GLocal is a modular system for efficient Global and Local exploration planning and mapping in large scale environments, accounting for past pose corrections due to state estimation drift. In a submap-based approach, multiple layers of both mapping and planning are combined to achieve robustness to drift while maintaining efficiency in large scale environments.

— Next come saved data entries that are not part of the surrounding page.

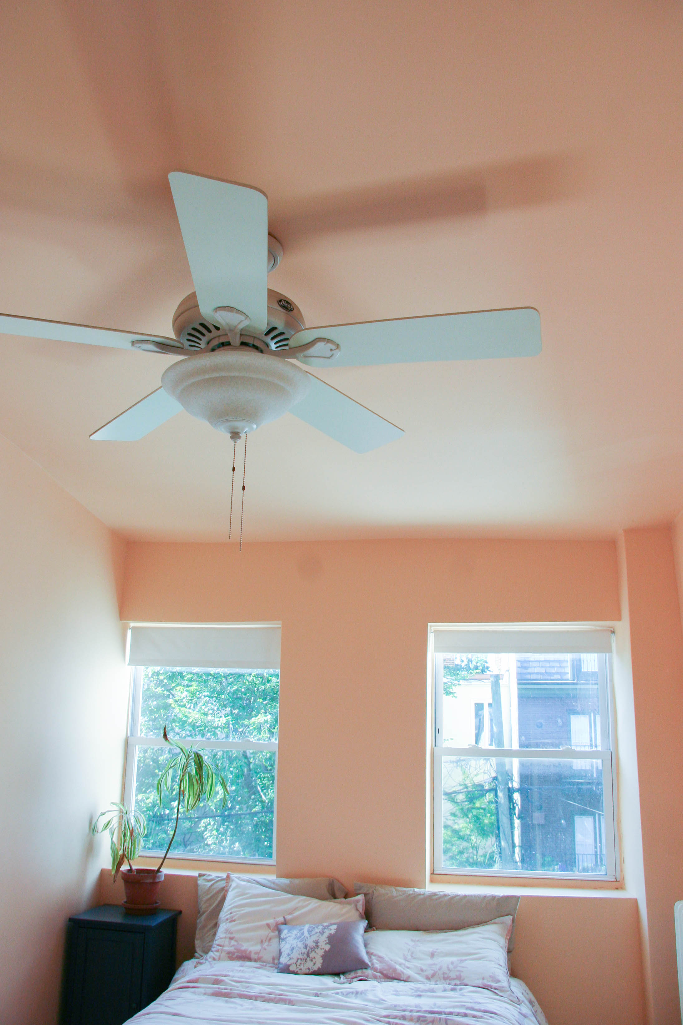 A less drastic makeover occurred in the guest room. We just painted the ceiling, since the original wall color coincidentally works with our furniture.
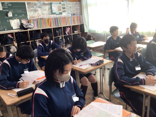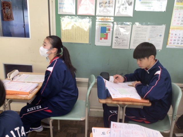 2年生の英語では先日、実施した単元テストの反省を行いました。教員から必ず覚えなければならない表現や間違えやすいところの解説がありました。定期テストにも出やすいところですので、家庭学習で再び学習すると知識がより確実になるかと思います。頑張ってください。
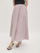 Rok panjang dengan siluet flowy dan motif kotak yang timeless, memberikan tampilan kasual yang rapi dan mudah dipadukan. Desain pinggang karet membuatnya nyaman dan fleksibel saat dikenakan sepanjang hari. Cocok digunakan untuk aktivitas harian maupun tampilan santai dengan sentuhan klasik.
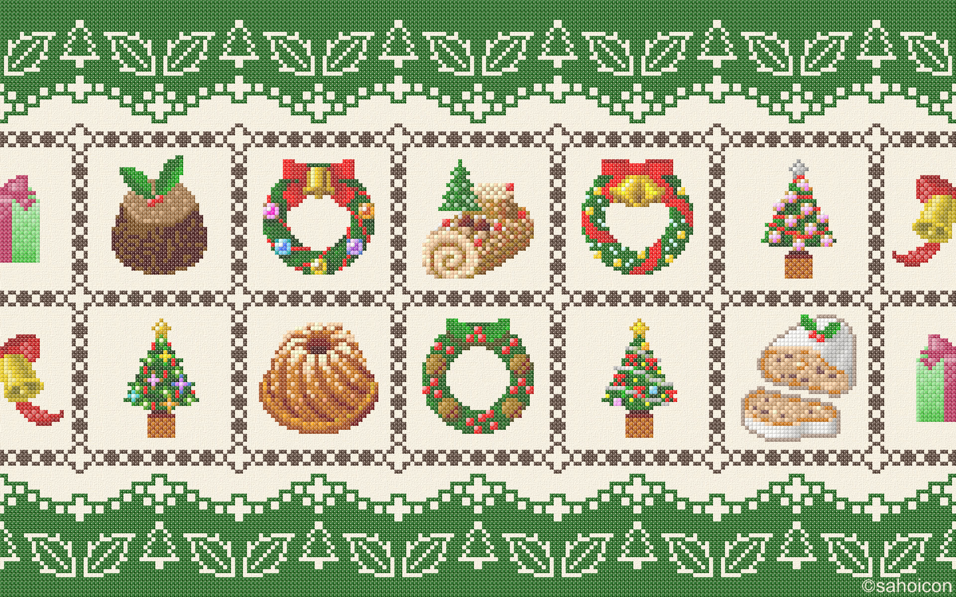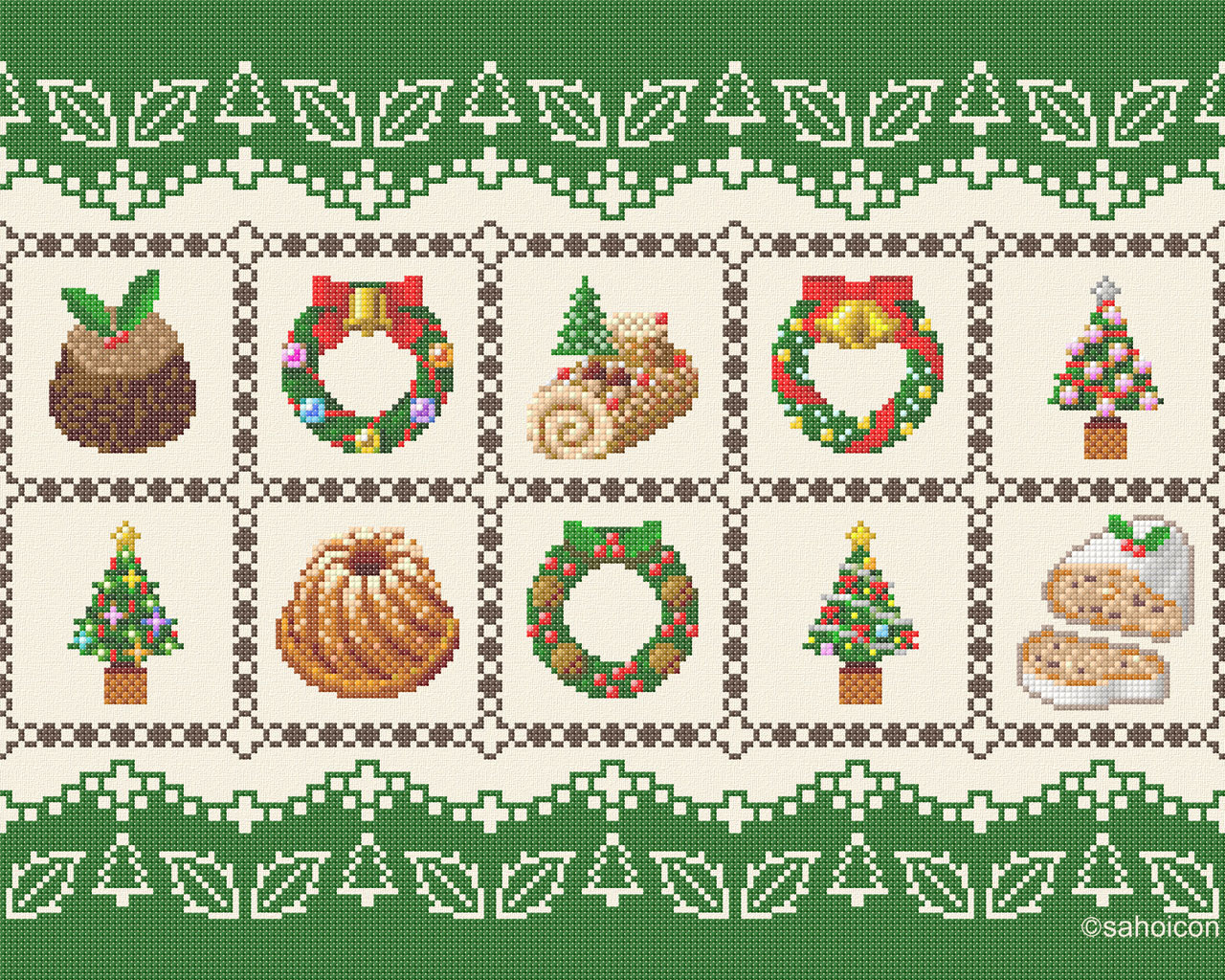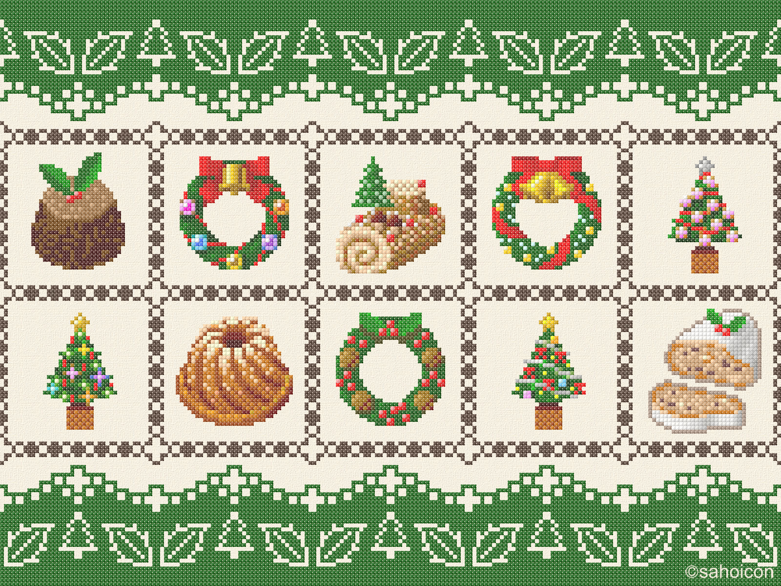 刺繍(クロスステッチ)で図柄を描いた壁紙です。
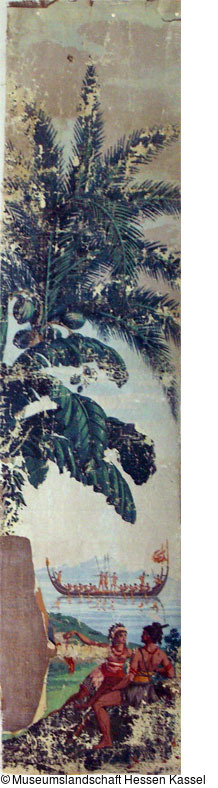 Die Panoramatapete bietet dem Betrachter auf insgesamt zwanzig Bahnen eine Schau von vierzehn pazifischen Inseln an, die ein bereits durch Jean-Jacques Rousseau im 18. Jahrhundert geprägtes Idealbild des ›Guten Wilden‹ im Paradies vermitteln. Dieser fischt, pflückt Früchte vom Baum, tanzt, ist in prächtige Gewänder gekleidet oder trägt – in antikisch geprägtem Muster – sportliche Wettkämpfe aus. Die positiven Versatzstücke wurden aus Reisebeschreibungen oder Bildquellen entsprechend den Regeln der ›bienséance‹ herausgefiltert und mit akademisch geschulten Kompositions- und Farbschemata einer Theaterstaffage gleich zusammengesetzt. Negatives wie Menschenfresserei in Neuseeland, Nacktheit und Tätowierungen – Ausdruck einer sozialen Hierarchie – ebenso wie der Tod des Kapitän Cook auf Hawai werden nicht dargestellt oder nur angedeutet; die im Bild zensierten Aspekte werden allein in einer heute noch erhaltene achtundvierzig Seiten umfassende Verkaufsbroschüre der Manufaktur Dufour, mit der diese 1804/1805 die Bildtapete Les sauvages bewarb. Sie liefert nicht nur wichtige Hinweise zur Genese der Tapete, sondern beschreibt darüber hinaus die Möglichkeiten ihrer Rezeption aus der Verkäuferperspektive heraus. Die von Dufour in seiner Verkaufsbroschüre besonders hervorgehobene Bildungsfunktion wird – neben der ästhetischen Dimension – die wichtigste Funktion der Bildtapete gewesen sein. Es entstand so ein noch in der Tradition des idyllischen Landschaftszimmers stehendes Interieur, das sich bereits im 18. Jahrhundert einer großen Beliebtheit erfreute. Einen neuen Akzent dieser Gattung sollte fünfundzwanzig Jahre später Jean Zuber mit der Herausgabe der Panoramatapete Les Vues du Brésil (1829/30) setzen, deren Politisierung mit Szenen wie etwa der ›Überfall der Weißen auf die Indianer‹ neuartig war.
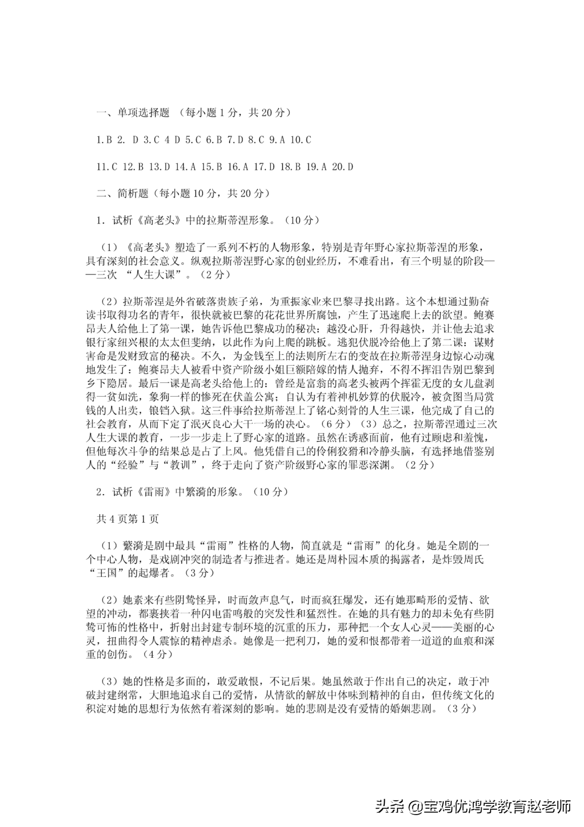 1.试析’《高老头》中的拉斯蒂涅形象口(10分)(1)《高老头》塑造了一系列不朽的人物形象,特别是青年野心家拉斯蒂汩的形象,具有深刻的社会意义.纵观拉斯蒂沮野心家的创业经历,不难看出,有三个明显的阶段一一三次"人生大课,,.(2分)(2)拉斯蒂涅是外省,做落贵族-{弟,为重振家业来巴黎寻找出路.这个本想通过勤奋读书取得功名的青年,很快就被巴黎的花花世界所腐蚀,产生了迅边爬上去的欲望.鲍赛日夫人给他上了第一课,她告诉他巳黎成功的秘诀:越没心肝,升得越快,jf让他去追求银行家组兴根的太太但斐纳,以此作为向上爬的跳板.逃犯伏脱冷给他上了第二课:谋财存命是发财致富的秘决.不久,为金钱主土的法则所左右的变故在拉斯蒂涅身边惊心动魂地发生了:鲍赛日犬人被看中资产阶级小知JR额陪嫁的情人抛弃,不得不挥泪特别巴黎到乡下隐用.段后一课是高老头给他上的:曾经是富翁的高老头被两个摆在无度的女儿盘剥得一贫如洗,象狗一样的惨死在伏盖公寓:自认为有着神机妙算的伏脱冷,被贪图去!用赏钱的人出卖,f良铛入狱.这三件事给拉斯蒂迦t了铭心刻骨的人生三课,他元成了自己的社会教育,从而下在f泯灭良心大干一场的决心.(6分)(3)总之,拉斯蒂涅通过三次入绝木课的教育,一步一步忐上了野心家的道路.虽然在诱惑面前,他有过顾虑和l羞愧,但他每次斗争的结果总是占了上风.他凭借自己的伶俐狡猾和冷静头脯,有选择地借鉴别人的"经验"与"教训",终于走向了资产阶级野心家的罪恶深渊.(2分〉2.试析《雷雨》I11繁浙的形象.(10分)

output Different modules of GLocal (left) and GLocal in action for large scale exploration subject to odometry drift (right).

Table of Contents

Credits

Setup

Examples

Papers

If you find this package useful for your research, please consider citing our paper:

  • Lukas Schmid, Victor Reijgwart, Lionel Ott, Juan Nieto, Roland Siegwart, and Cesar Cadena, "A Unified Approach for Autonomous Volumetric Exploration of Large Scale Environments under Severe Odometry Drift", in IEEE Robotics and Automation Letters, vol. 6, no. 3, pp. 4504-4511, July 2021 [IEEE | ArXiv | Video]
    @ARTICLE{schmid2021glocal,
      author={L. {Schmid} and V. {Reijgwart} and L. {Ott} and J. {Nieto} and R. {Siegwart} and C. {Cadena}},
      journal={IEEE Robotics and Automation Letters},
      title={A Unified Approach for Autonomous Volumetric Exploration of Large Scale Environments under Severe Odometry Drift},
      year={2021},
      volume={6},
      number={3},
      pages={4504-4511},
      doi={10.1109/LRA.2021.3068954},
      month={July},
    }

The local exploration planner is largely based on mav_active_3d_planning:

  • Lukas Schmid, Michael Pantic, Raghav Khanna, Lionel Ott, Roland Siegwart, and Juan Nieto, "An Efficient Sampling-based Method for Online Informative Path Planning in Unknown Environments", in IEEE Robotics and Automation Letters, vol. 5, no. 2, pp. 1500-1507, April 2020 [IEEE | ArXiv | Video]
    @ARTICLE{schmid2020activeplanning,
      author={L. {Schmid} and M. {Pantic} and R. {Khanna} and L. {Ott} and R. {Siegwart} and J. {Nieto}},
      journal={IEEE Robotics and Automation Letters},
      title={An Efficient Sampling-Based Method for Online Informative Path Planning in Unknown Environments},
      year={2020},
      volume={5},
      number={2},
      pages={1500-1507},
      doi={10.1109/LRA.2020.2969191},
      month={April},
    }

The global mapping is largely based on voxgraph:

  • Victor Reijgwart, Alexander Millane, Helen Oleynikova, Roland Siegwart, Cesar Cadena and Juan Nieto, "Voxgraph: Globally Consistent, Volumetric Mapping Using Signed Distance Function Submaps" in IEEE Robotics and Automation Letters, vol. 5, no. 1, pp. 227-234, January 2020 [IEEE | ArXiv | Video]
    @ARTICLE{reijgwart2020voxgraph,
      author={V. {Reijgwart} and A. {Millane} and H. {Oleynikova} and R. {Siegwart} and C. {Cadena} and J. {Nieto}},
      journal={IEEE Robotics and Automation Letters}, 
      title={Voxgraph: Globally Consistent, Volumetric Mapping Using Signed Distance Function Submaps}, 
      year={2020},
      volume={5},
      number={1},
      pages={227-234},
      doi={10.1109/LRA.2019.2953859},
      month={January},
    }

Video

For a short overview of the system check out our video on youtube:

youtube video

Installation

Installation instructions for Linux.

Prerequisites

  1. If not already done so, install ROS (Desktop-Full is recommended).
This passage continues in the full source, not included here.